Le bleu de méthylène, ou chlorure de méthylthioninium, s’administre par voie intraveineuse, en une durée de 5 minutes, à la dose de 1 à 2 mg kg-1. Comme donneur d’électrons, le chlorure de méthylthioninium réduit efficacement le Fe3+ de la méthémoglobine en Fe2+ de l’hémoglobine. L’amélioration clinique survient habituellement en moins d’une heure. Dans les cas sévères, l’administration de bleu de méthylène doit cependant être répétée.

Commentaire du blog

Rappelons que dans les tout premiers mois de l’existence, l’activité de la méthémoglobine-réductase est limitée, environ deux fois plus faible que celle de l’adulte. Le nourrisson est ainsi tout particulièrement exposé au risque de méthémoglobinémie induite par les nitrites. Chez le nourrisson, une méthémoglobinémie peut apparaître après l’ingestion d’un biberon préparé avec une eau de puits riche en nitrite NO2-, c’est-à-dire après l’ingestion d’une eau de puits contenant à la fois des ions nitrate NO3- et une très forte pullulation bactérienne [>106 germes ml-1].
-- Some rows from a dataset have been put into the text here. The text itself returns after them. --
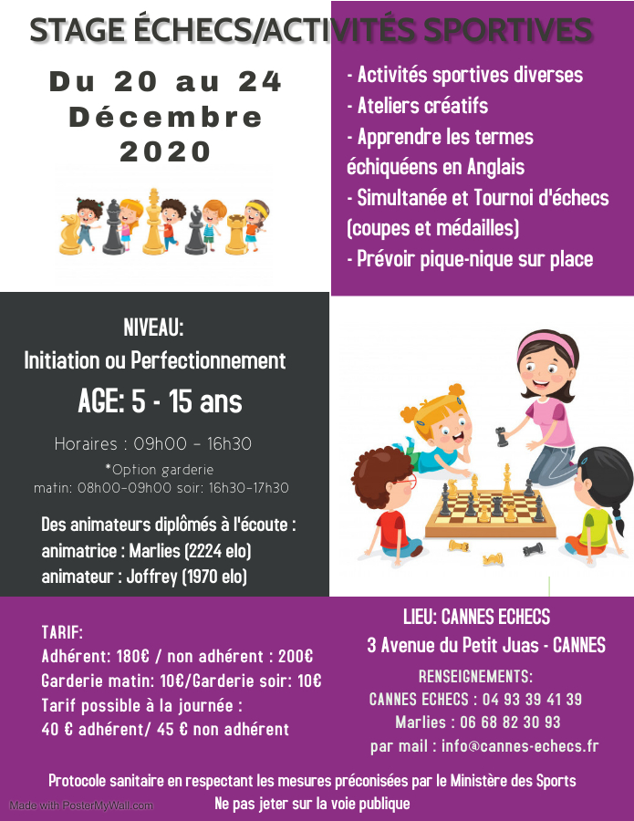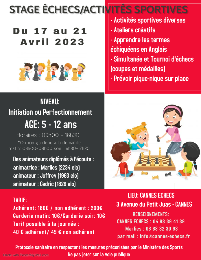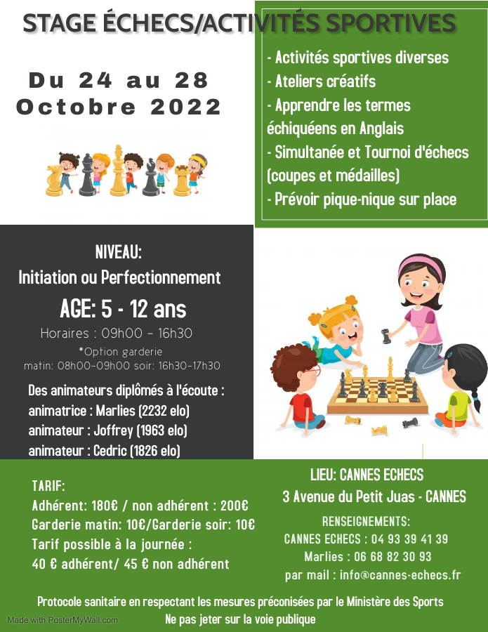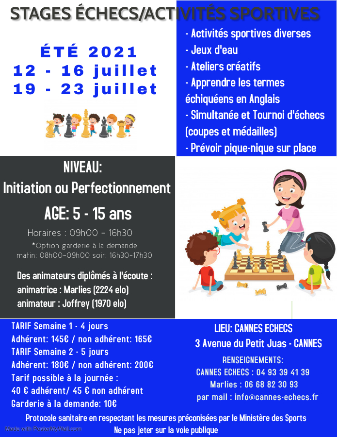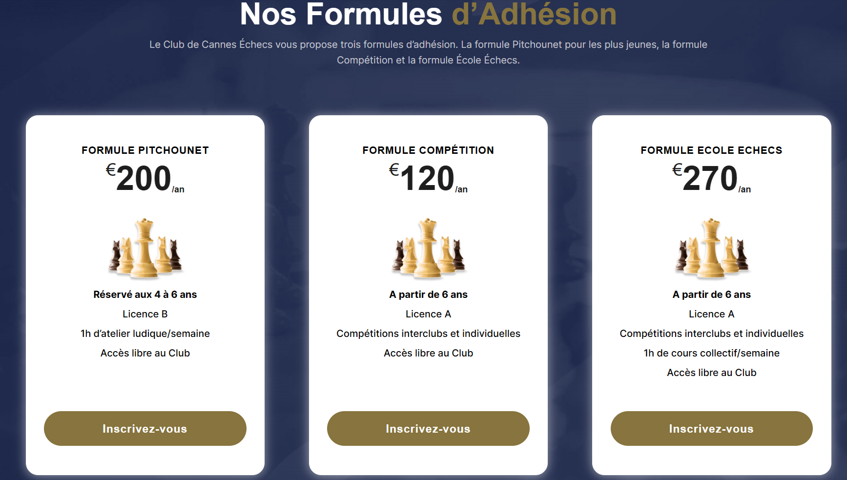 Le club, situé en centre ville, rénové et inauguré en 2006, est ouvert tous* les après midis de 13 h 30 à 19 h 30 ; les samedis et dimanches sont réservés aux compétitions. (*sauf fériés et fermetures annuelles). Cannes Echecs a obtenu le label F.F.E. de club formateur, de meilleur organisateur, et de meilleur club jeune de France (5 fois Oscar ) et conquit le titre de champion de France jeunes par équipes pour la sixième année consécutive. Diverses formules modulables pour progresser, découvrir et jouer : Le club, situé en centre ville, rénové et inauguré en 2006, est ouvert tous* les après midis de 13 h 30 à 19 h 30 ; les samedis et dimanches sont réservés aux compétitions. (*sauf fériés et fermetures annuelles). Cannes Echecs a obtenu le label F.F.E. de club formateur, de meilleur organisateur, et de meilleur club jeune de France (5 fois Oscar ) et conquit le titre de champion de France jeunes par équipes pour la sixième année consécutive. Diverses formules modulables pour progresser, découvrir et jouer : Le club, situé en centre ville, rénové et inauguré en 2006, est ouvert tous* les après midis de 13 h 30 à 19 h 30 ; les samedis et dimanches sont réservés aux compétitions. (*sauf fériés et fermetures annuelles). Cannes Echecs a obtenu le label F.F.E. de club formateur, de meilleur organisateur, et de meilleur club jeune de France (5 fois Oscar ) et conquit le titre de champion de France jeunes par équipes pour la sixième année consécutive. Diverses formules modulables pour progresser, découvrir et jouer : Les cours ont lieu les mercredis et samedis, les tournois et compétitions se déroulent les weekends. Cannes Echecs est le plus important club formateur de France avec 9 titres de champion de France jeunes par équipes (record national) et plusieurs dizaines de titres individuels. L'association intervient depuis plus de 30 ans en milieu scolaire à Cannes et dans ses environs. |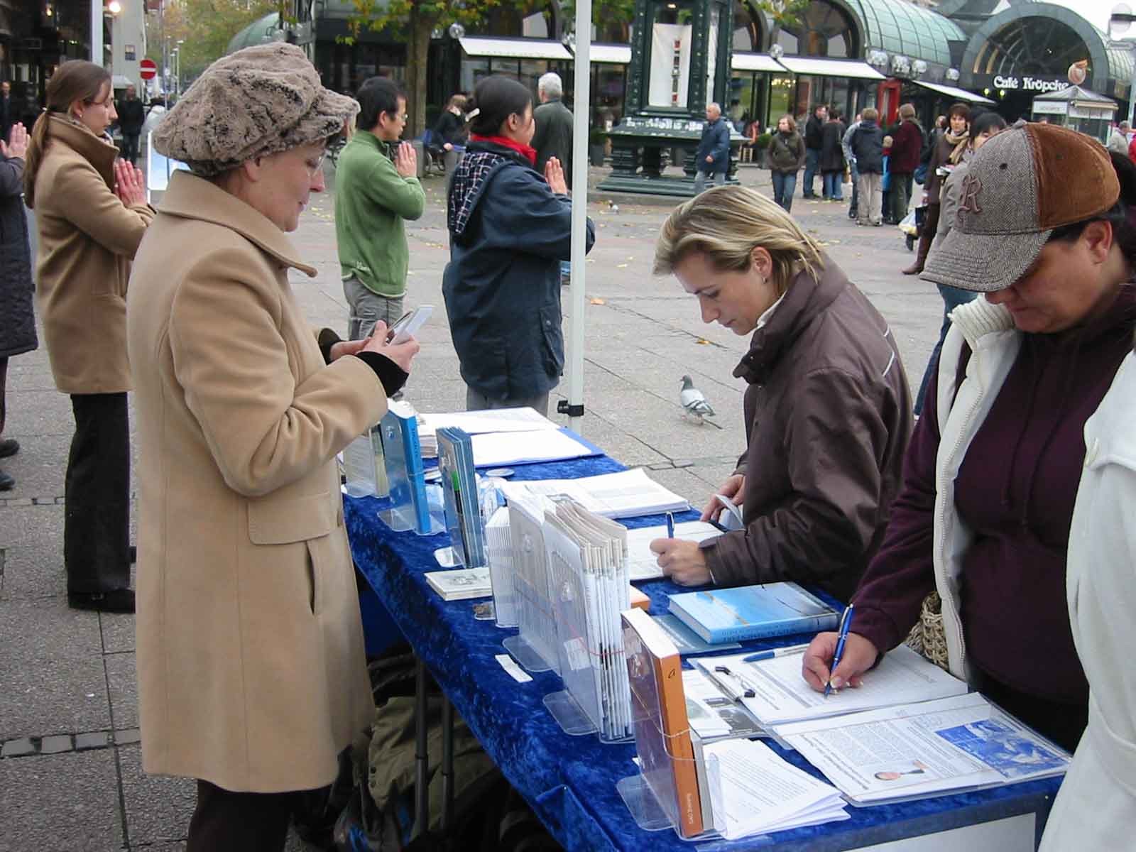 法轮功学员在德国汉堡步行街摆设展位讲真相图为人们纷纷签名支持反迫害2007-11-3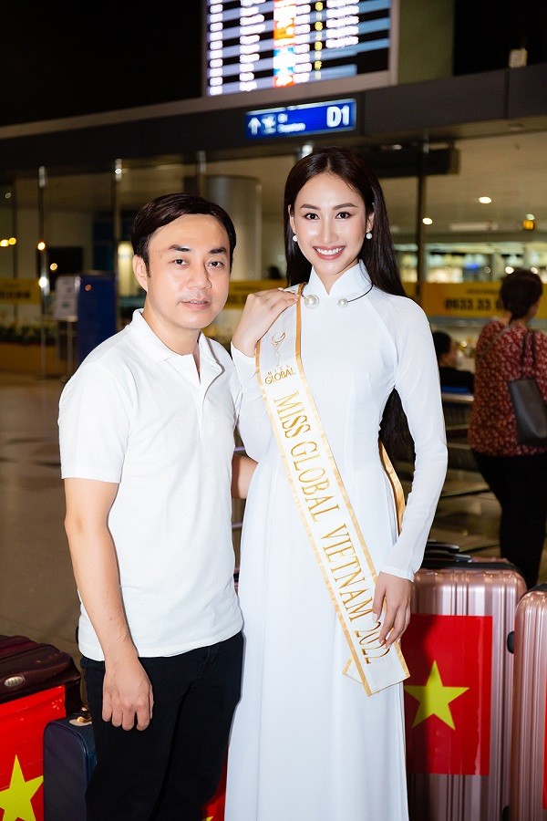 | Nhà thiết kế Tommy Nguyễn cũng ra sân bay để động viên Đoàn Hồng Trang trước giờ lên đường. |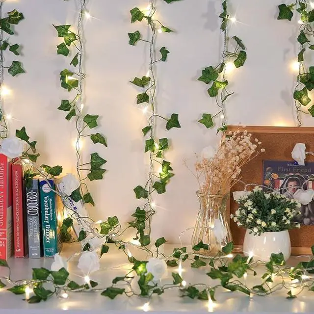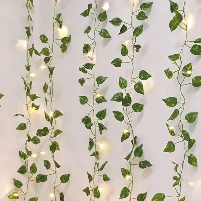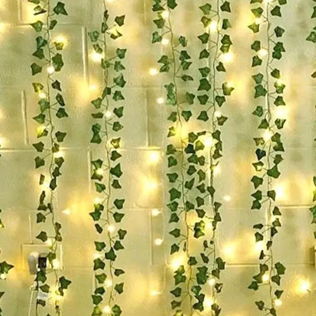 66 LED Ivy Leaf Curtain Light Battery Operated Warm White 6 Strands for Home and Party Styling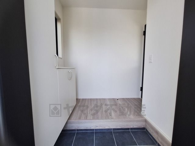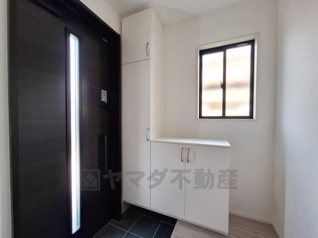 シンプルで清潔感のある玄関です。明るい採光窓があり心地よい光が差し込みます。収納スペースも確保されています。ダークカラーのドアが空間を引き締めます。

Par contre, jamais une seule méthémoglobinémie du nourrisson, même bénigne, n’a pu être scientifiquement attribuée à l’ingestion d’un biberon préparé avec une eau d’adduction publique, quelle qu’ait pu être, par ailleurs, sa concentration en nitrate. L’eau d’adduction publique est, en effet, toujours bactériologiquement contrôlée [<102 germes ml-1]. Les nitrates du biberon ne peuvent, alors, être transformés en nitrite (Cf. rubriques du 7, 11 et 14 mai 2010).